## Recorded information
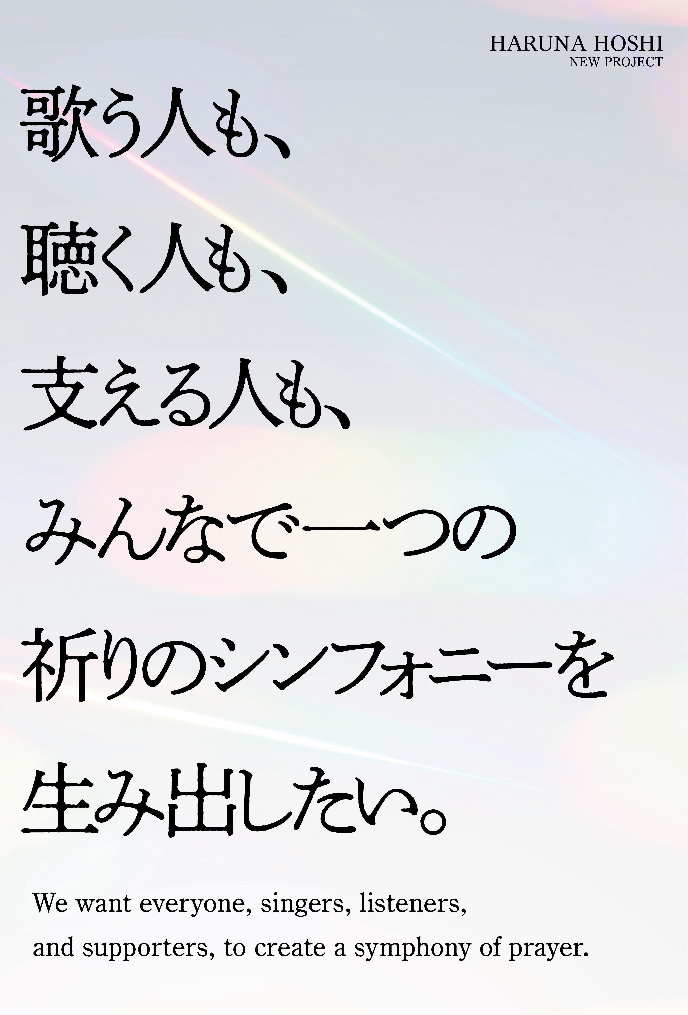 自力では限界があっても、一人一人が繋がり合えばそれぞれの夢に近づくことができる。私の声と、あなたの声と、会場に来てくださる方々の声今この瞬間しか味わえない音・光・祈り手にとって触れることはできないけれど心の深いところに、魂に残り続けるコンサートにしたい。
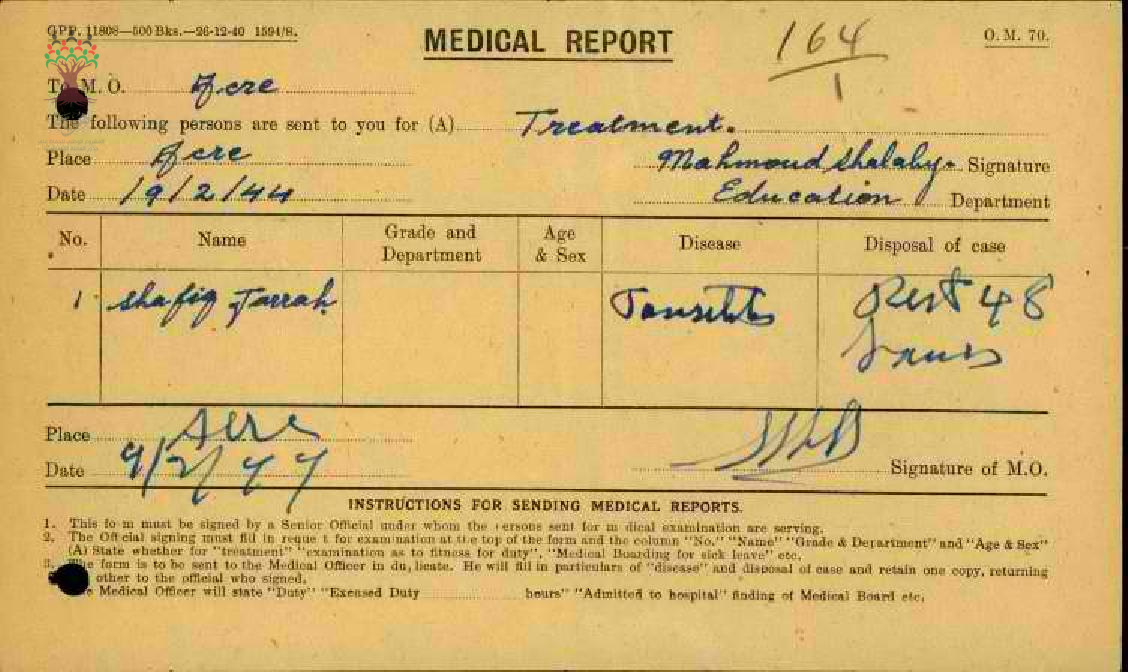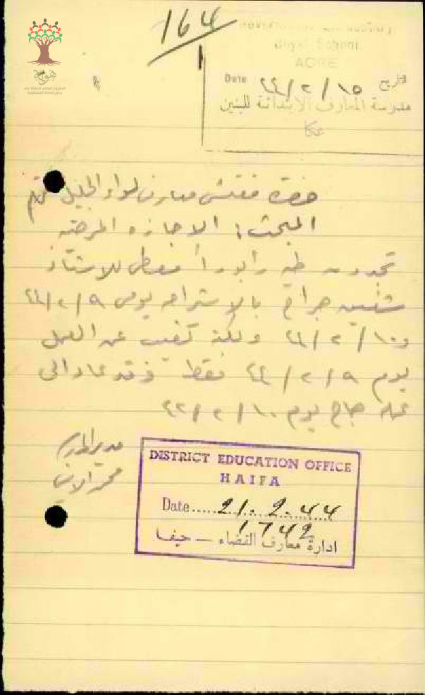 رسالة من مدير مدرسة عكا الى مفتش المعارف بخصوص تغيب المعلم شفيق جراح مرفقة بالتقرير الطبي
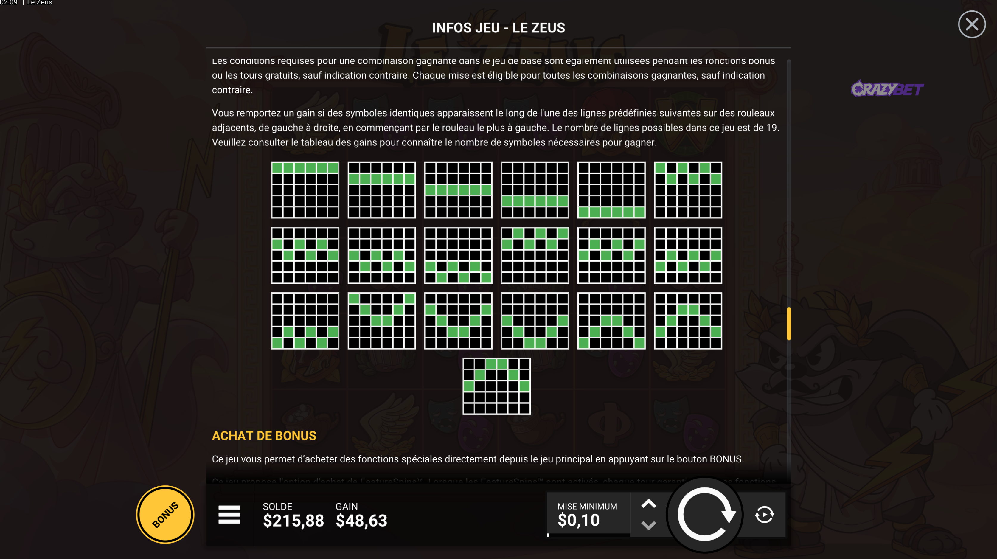 table-info-19-paylines-winning-configurations-le-zeus-hacksaw-gaming
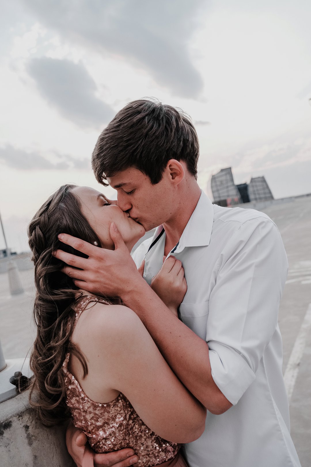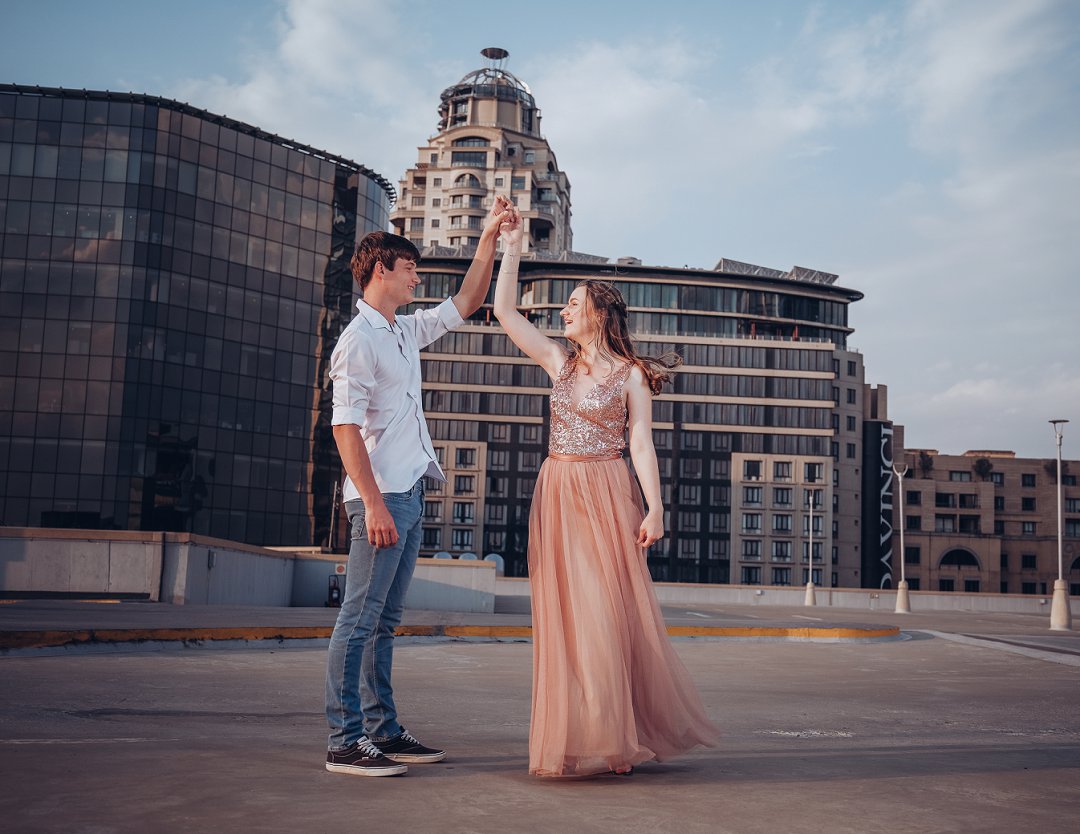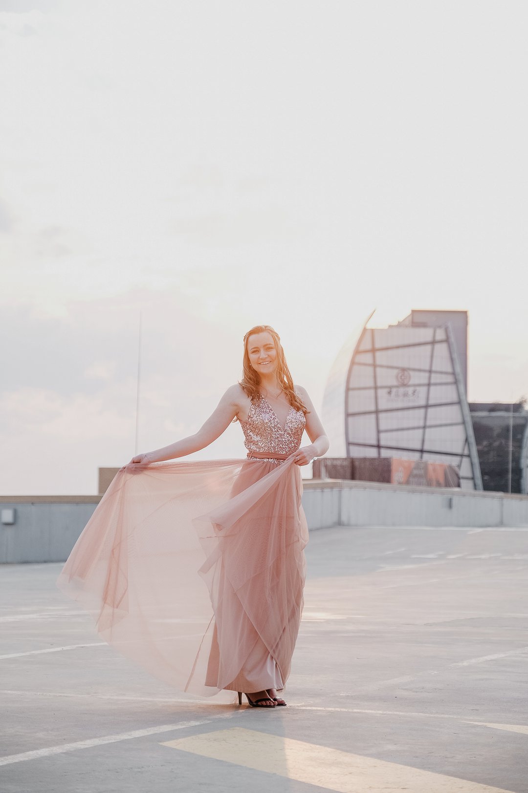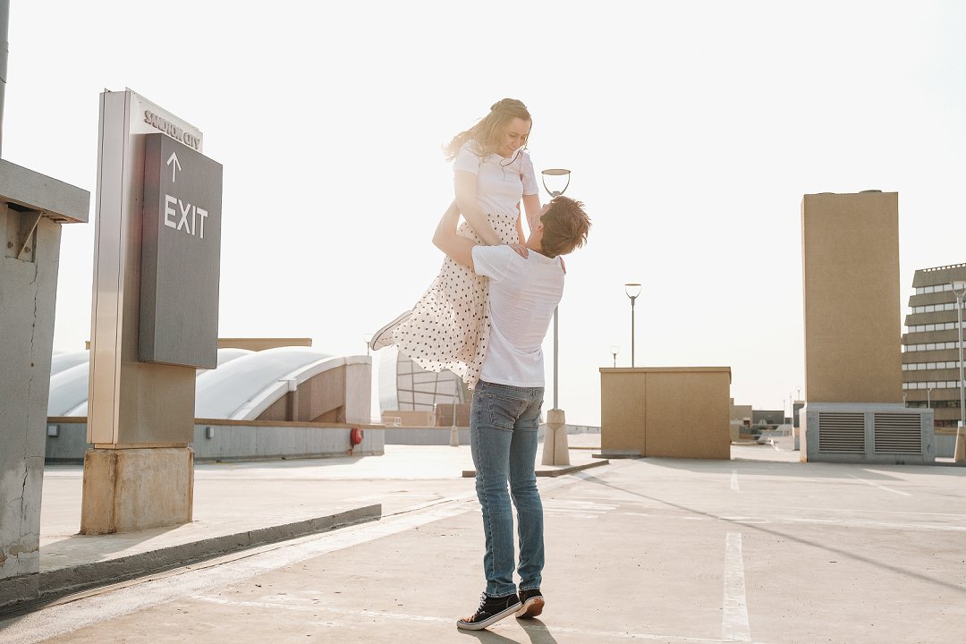 Die tweede deel van Nicole en Ryan se fotosessie was tydens sonsak op ʼn lee parkeerterrein wat jou amper die gevoel gee dat jy bo op die dak van ʼn gebou is. Omring deur die geboue in Nelson Mandela Square in Sandton en die sagte pienk lig van die son wat sak in kontras met die grys en glas geboue in die agtergrond is prentjie mooi.

## Exercise requirements
Nothing but the pictures is to be left out; the rest of the listing should be copied exactly.

## Response
 自力では限界があっても、一人一人が繋がり合えばそれぞれの夢に近づくことができる。私の声と、あなたの声と、会場に来てくださる方々の声今この瞬間しか味わえない音・光・祈り手にとって触れることはできないけれど心の深いところに、魂に残り続けるコンサートにしたい。
 رسالة من مدير مدرسة عكا الى مفتش المعارف بخصوص تغيب المعلم شفيق جراح مرفقة بالتقرير الطبي
 table-info-19-paylines-winning-configurations-le-zeus-hacksaw-gaming
 Die tweede deel van Nicole en Ryan se fotosessie was tydens sonsak op ʼn lee parkeerterrein wat jou amper die gevoel gee dat jy bo op die dak van ʼn gebou is. Omring deur die geboue in Nelson Mandela Square in Sandton en die sagte pienk lig van die son wat sak in kontras met die grys en glas geboue in die agtergrond is prentjie mooi.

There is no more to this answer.